You fall in love with your plan, and love is blind. You don’t see the fatal flaw.
I know a man who jumped headfirst into a new venture based on building a chain of used CD stores. The punch line? It was 2000. Napster was already there. Do you see the fatal flaw? He didn’t. And this was a man who’d had a string of successes.
Love is blind.
So here’s a trick that might, sometimes, if you’re lucky, help you see the fatal flaw.
- It takes imagination. So close your eyes, relax your shoulders, take a deep breath and let it out slowly.
- Jump in your imagination to the future. Go to three years from now.
- Now pretend that, there in the future, you know that the business you are starting now, your baby, your dream, is over. It failed. I know, that’s hard, but it’s a game; it’s only in your imagination, so make that leap.

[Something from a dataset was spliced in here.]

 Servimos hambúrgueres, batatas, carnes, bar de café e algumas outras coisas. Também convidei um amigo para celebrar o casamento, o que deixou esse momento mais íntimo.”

- You’re sitting at a table, maybe in a coffee shop, maybe at lunch, and somebody asks you: “What happened? Why did it fail?”

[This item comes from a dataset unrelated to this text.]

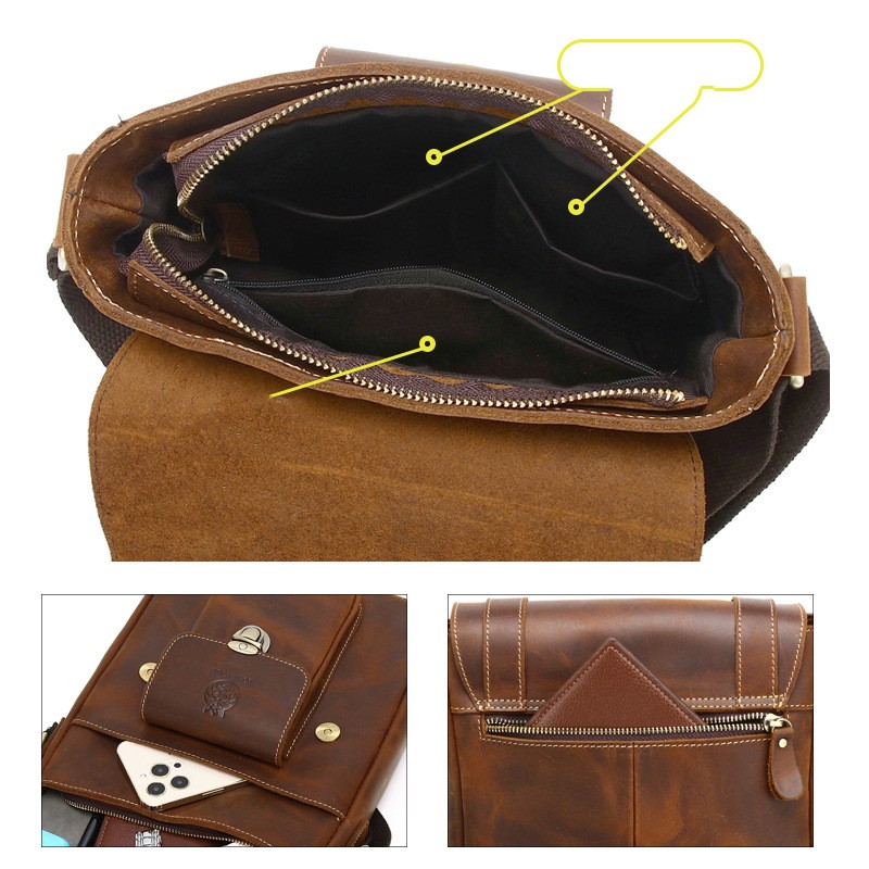 Internal structure of the bag: zippered hidden bag, mobile phone bag, sandwich zipper bag

- Now, using your imagination, your intelligence and what you know about your business, answer that question. This is fiction now, so you have to tell a story. Make it believable. What happened?
This helps you think about flaws. Was it competition? Did the management lose interest? Was there not enough money? Did some new technology come in?

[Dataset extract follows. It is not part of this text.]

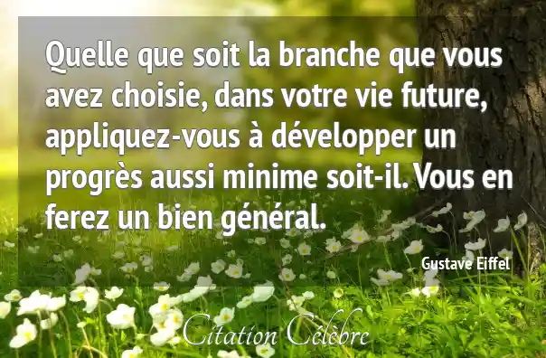 Quelle que soit la branche que vous avez choisie, dans votre vie future, appliquez-vous à développer un progrès aussi minime soit-il. Vous en ferez un bien général.

I don’t know for sure, but I believe that if my friend with the used CD stores had done this exercise, he would have come up with the possibility of a change in the way we deal with music, meaning Napster, downloading, iTunes and so on.
And, for the record, I haven’t done the research, either, but what do you think? Would you like to own a used CD store? What do you think has happened to the sale of used CDs?